Нет, Елена, нельзя. 
Образцы диплома и свидетельства- это РАЗНЫЕ документы- выставлены здесь чуть выше. Если Вам надо, чтобы стояло место работы и название танц. номера- Вам надо заказывать свидетельство! Те, кому нужны и диплом, и свидетельство о публикации конкурсного номера -оплачивают 400 руб. 




> не могу найти нужно ли указывать полностью координаты свои (ФИО,должность и т.д.) или все заявки с точными данными сохранены у организаторов конкурса?


Для Диплома- ничего не надо, для свидетельства- отметить здесь, что вы- ФИО оплатили.

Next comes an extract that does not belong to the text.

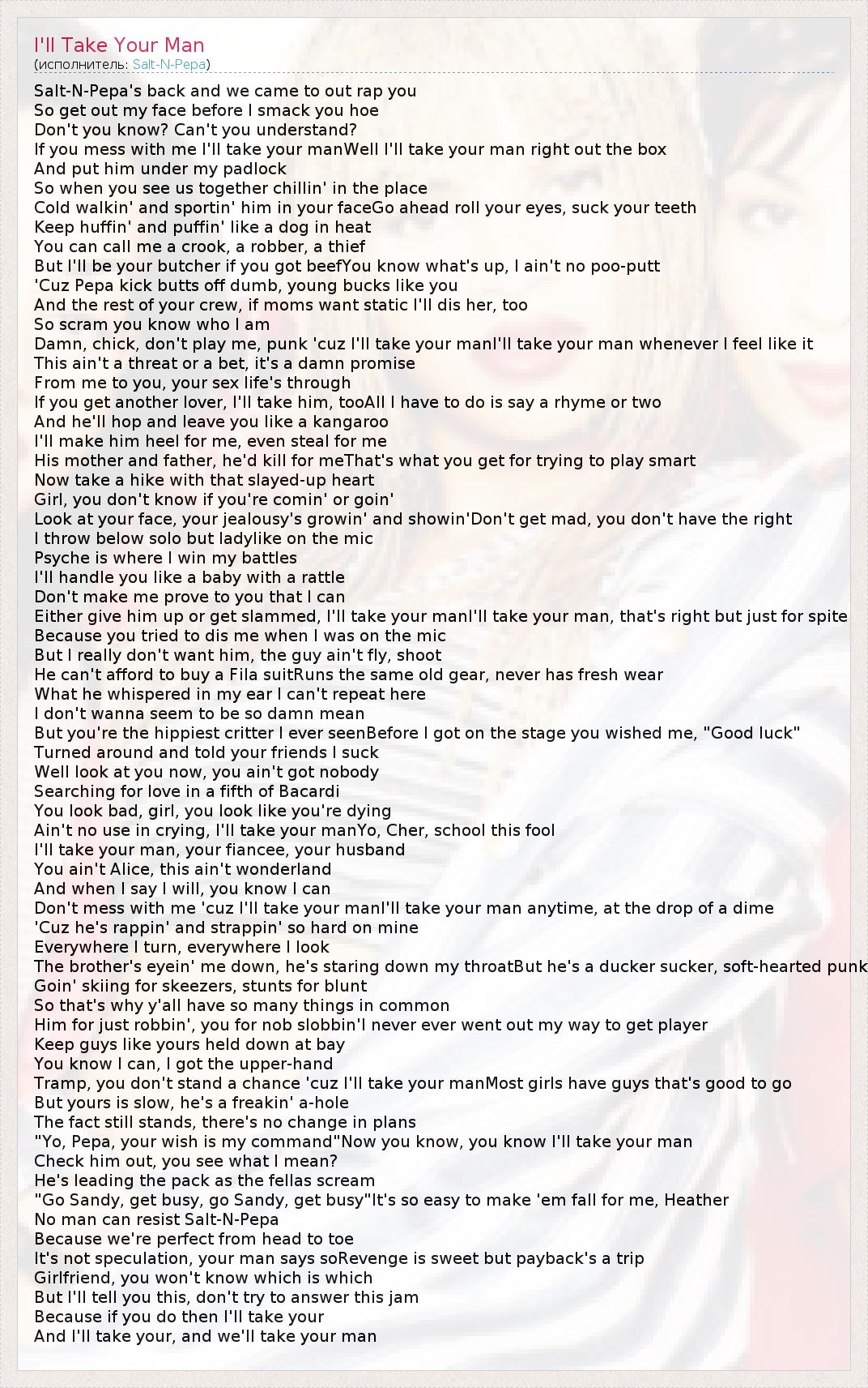 "Yo, Pepa, your wish is my command"Now you know, you know I'll take your man

Чтобы тот, кто будет делать документы знал, кого искать в списках участников.



> Поскольку личные сообщения у меня не работают,


Причина только одна- переполнен ящик личных сообщений, почистите его и все будете получать.



> можно ли как то по другому оплатить за свидетельства? например через сбербанк?


Заходите в ЛЮБОЙ магазин, там стоят терминалы- находите яндекс, вводите номер кошелька и все. Здесь в теме пишете- кто отправил.



> хотелось бы узнать в чём разница?


разницы нет. Это одно и тоже.
====================
*Дорогие участники!
 Все свидетельства и дипломы будут отправляться после 2 июня!!! Сейчас идет работа над их дизайном.*

----------


## Elena1968

Здравствуйте! Спасибо за организацию такого важного и нужного фестиваля детского творчества! Благодарю жюри за высокую оценку моих хореографических постановок, участвовала впервые и получила массу ярких впечатлений от увиденного, хорошо что есть такие люди как Вы, которые помогают нам и детям расти творчески и получать радость от соприкосновения с прекрасным.

----------


## Elena1968

Хотела бы уточнить, если я являюсь победителем: Номинация: "Народный танец" (любители)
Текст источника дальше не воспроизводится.